Gabriele Cirulli was 19 years old when he made 2048. At the time, in early 2014, he didn’t realize two things: first, that something as simple as a web game could go so intensely viral for reasons that would elude him. And second, that making something so extraordinarily popular, even unintentionally, would change the course of his life.


After all, 2048 was supposed to be a weekend project — one of many he’d started — intended to help Cirulli practice his JavaScript skills. In fact, another version of 2048 already existed. It was made by someone who hung out on a forum Cirulli was familiar with. But that guy’s version had no animations, and a color scheme that Cirulli didn’t like. So, like many things on the internet, he took the idea and built his own version. Personalized it. Remixed it.


Cirulli had just finished high school in northern Italy, and was deciding whether he wanted to try finding work as an engineer or go to college. So he re-created 2048 from scratch, to better learn how a developer might structure a project like this.
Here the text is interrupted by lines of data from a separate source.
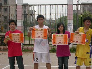 至此,此次文新院“专业杯”篮球赛冠亚季军完全出炉。前四名分别是07新闻系、06广电系、06中文系及06广告系。
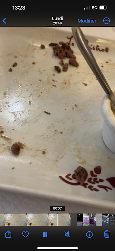 Elle me propose au bout de 5 minutes de changer, mais je refuse car vraiment, on m’a prise pour une idiote. C’était bien un tartare car les morceaux de cornichons et d'oignons ainsi que le goût de la sauce tartare ne sont pas apparus par magie.
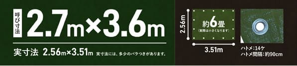 シートの重さ(厚み)の仕様です。実寸法3.6×5.4mの広さで約3000グラムの重量となる未加工状態の原反生地のことであり、この数字が大きいほど厚みがあり、丈夫になります。
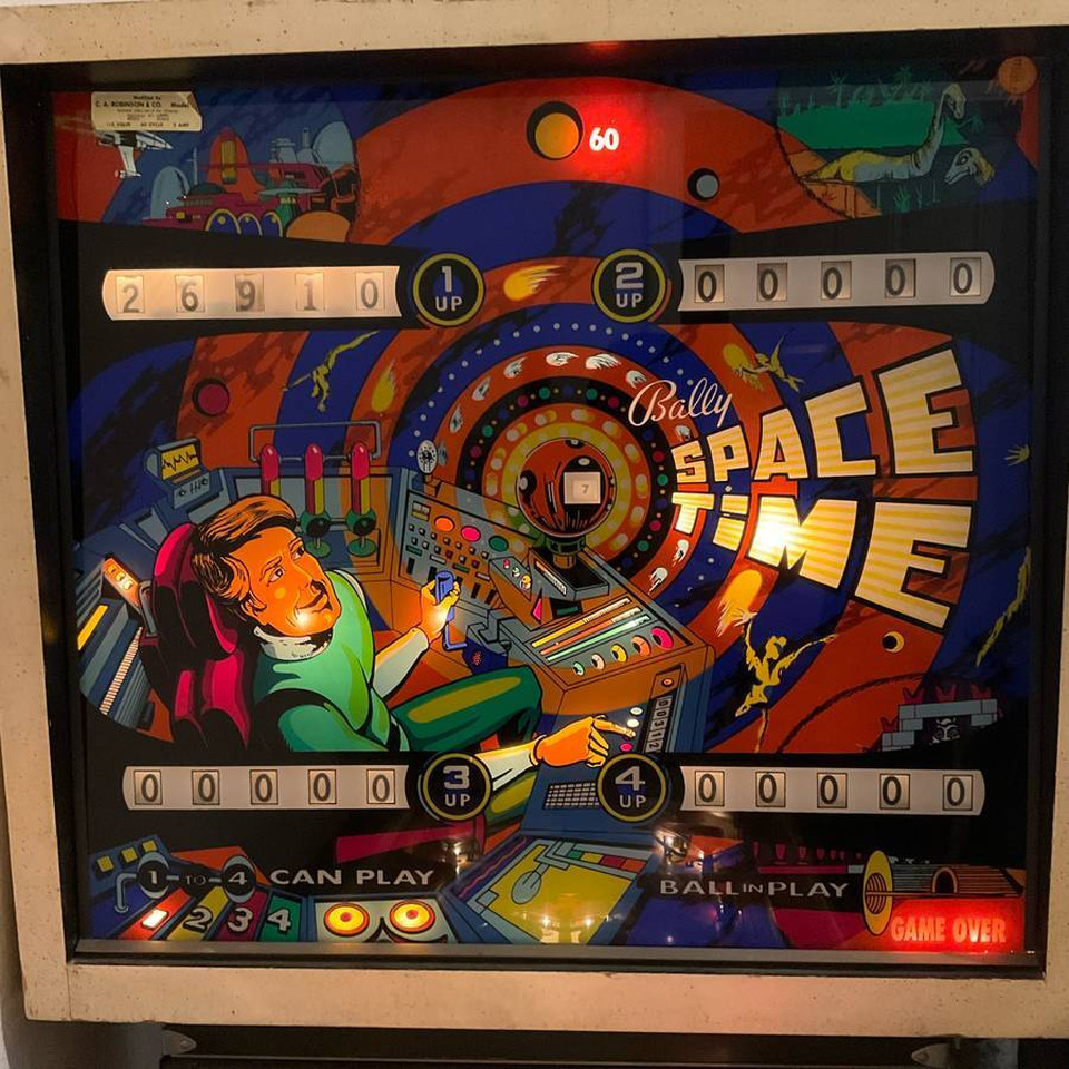 This vintage Space Time pinball machine has been lovingly restored and is in excellent working condition. It has been fully cleaned, repaired, and tested for smooth and reliable play. Perfect for collectors, game rooms, or businesses looking to offer a unique retro experience.
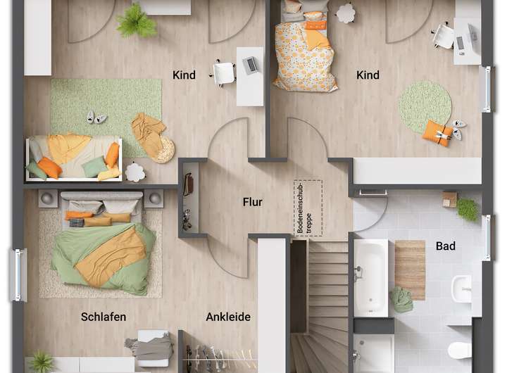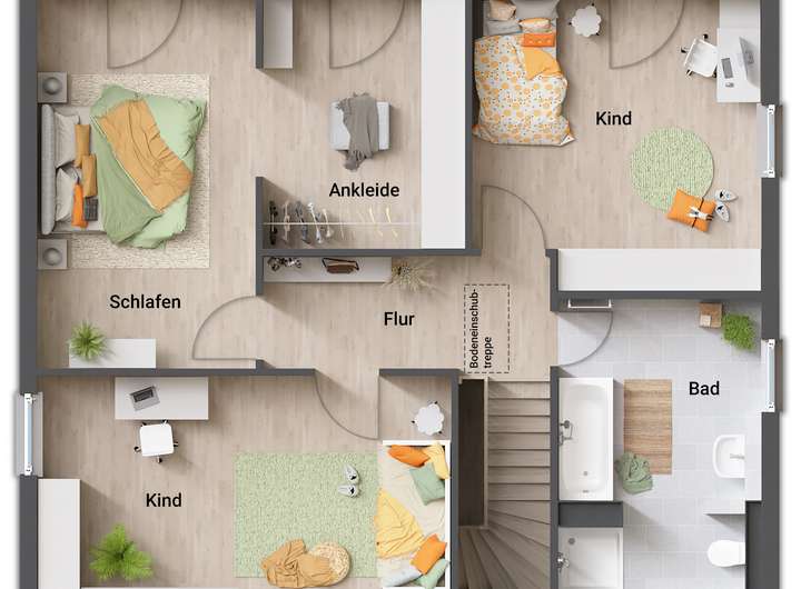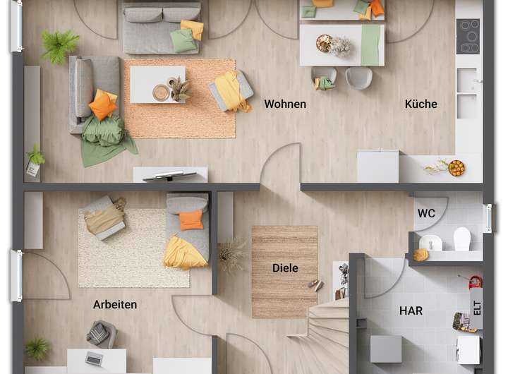 • Fußbodenheizung: Warme Füße? Auch die Fußbodenheizung ist inklusive. Sie steigert nicht nur den Wert Ihres Hauses, sondern sorgt ganz nebenbei noch für echtes Wohngefühl.
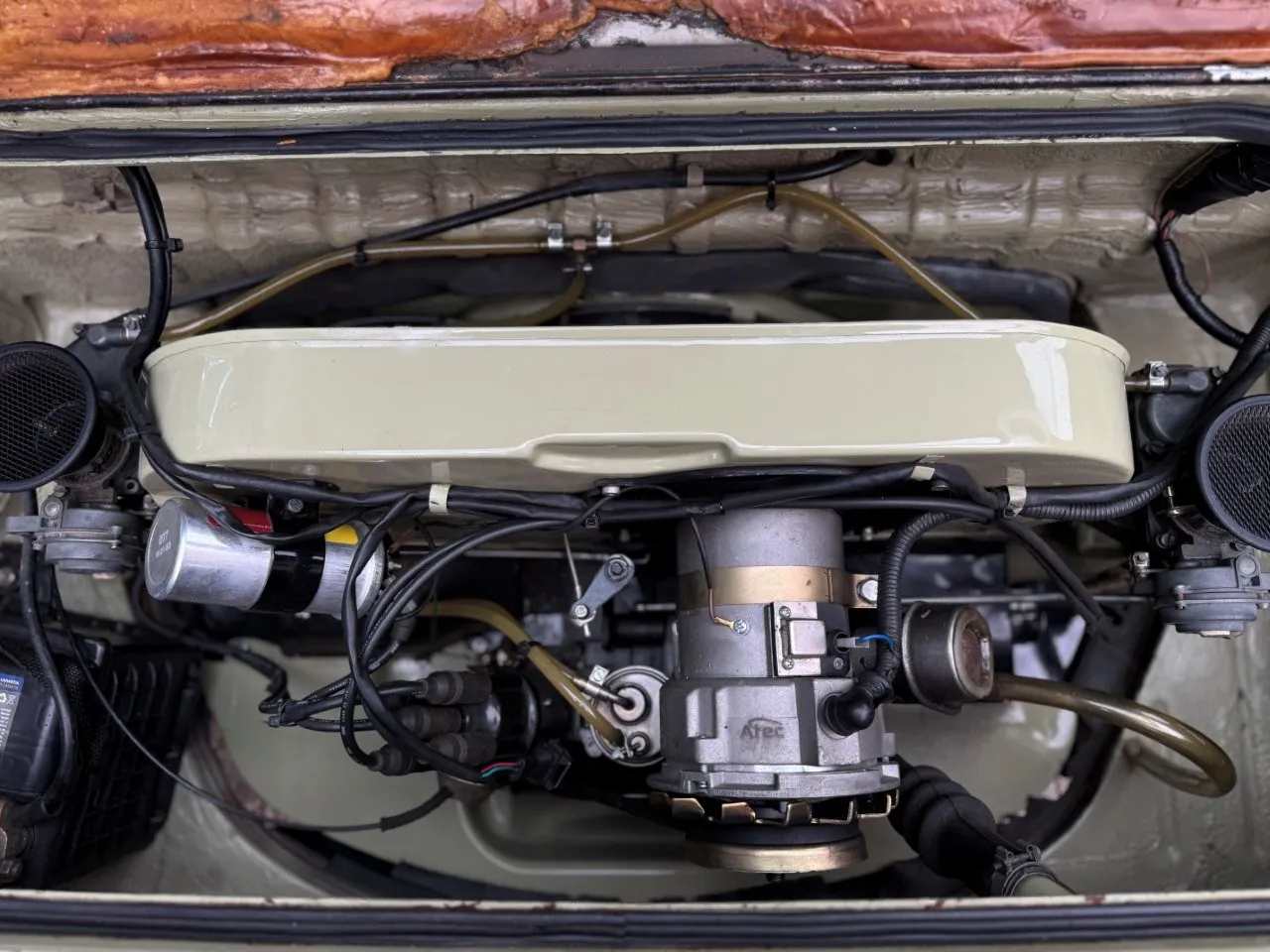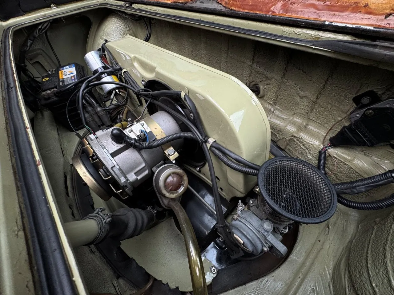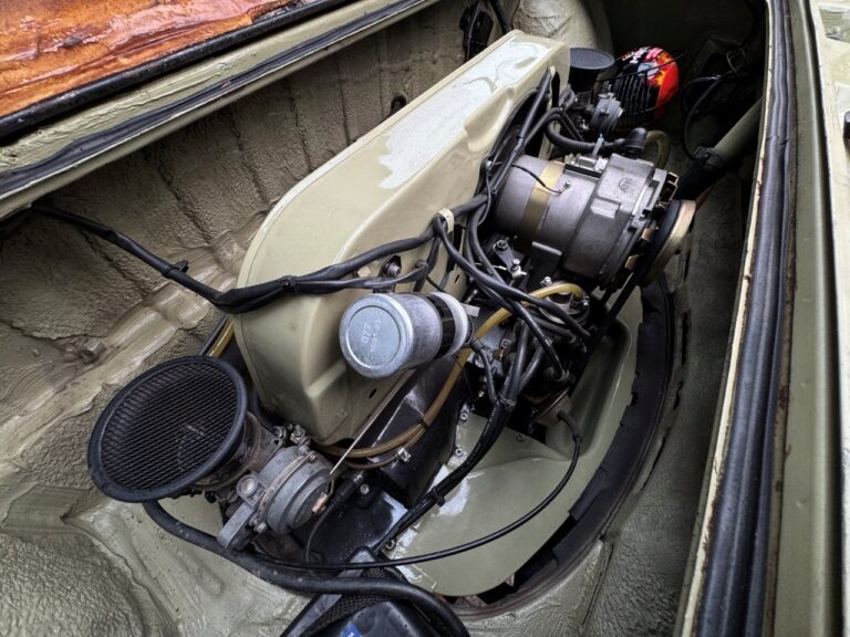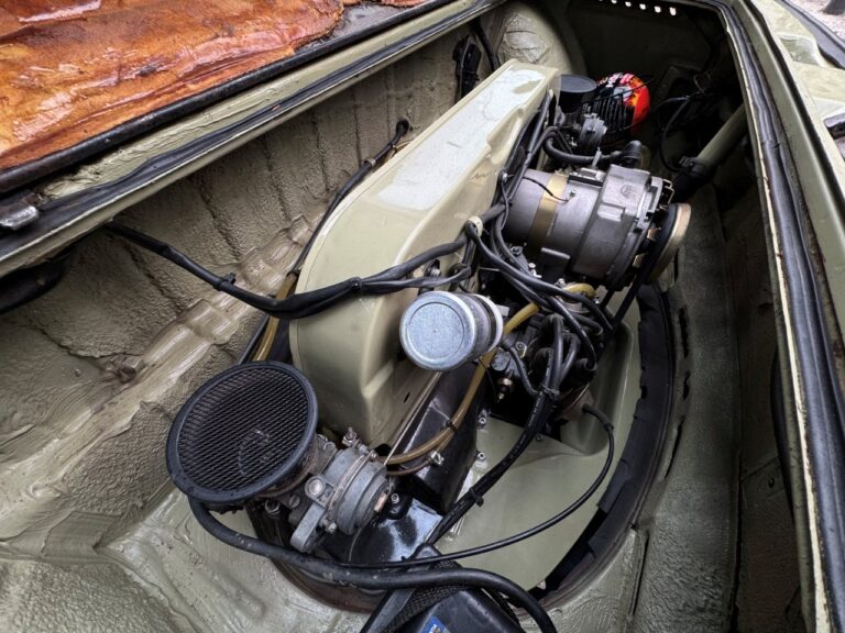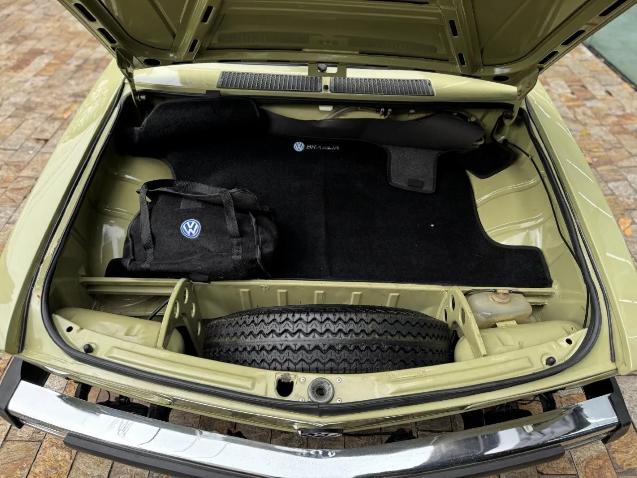 Na linda cor Verde Pampa, esta Brasília se destaca pelos upgrades mecânicos e uma série de acessórios que valorizam ainda mais o conjunto. Motor 1.8 com comando Engle 125, pistões e componentes internos Empi novos, virabrequim balanceado e ignição eletrônica completa. Equipada com freios a disco, suspensão dianteira com catraca mexicana e mangas de eixo invertidas, além de traseira com facões reguláveis, amortecedores novos e borrachas recentemente substituídas. Interior com volante de Passat TS, bancos Recaro e carpete preto. Rodas de época com pneus novos e painel com conta-giros.

But the game was more or less the same as the one he’d based it on: the player is given a 4x4 grid, slides tiles to combine them, and chases bigger and bigger scores.


He published his 2048 on GitHub, and dropped a link on a design website, hoping for some feedback. The web game ended up on Hacker News, and spread from there. Suddenly, Cirulli was receiving congratulations from friends on Facebook. He checked Google Analytics and saw, at first, that 150 people were playing the game at one time. Then he watched it balloon to 13,000 acti ..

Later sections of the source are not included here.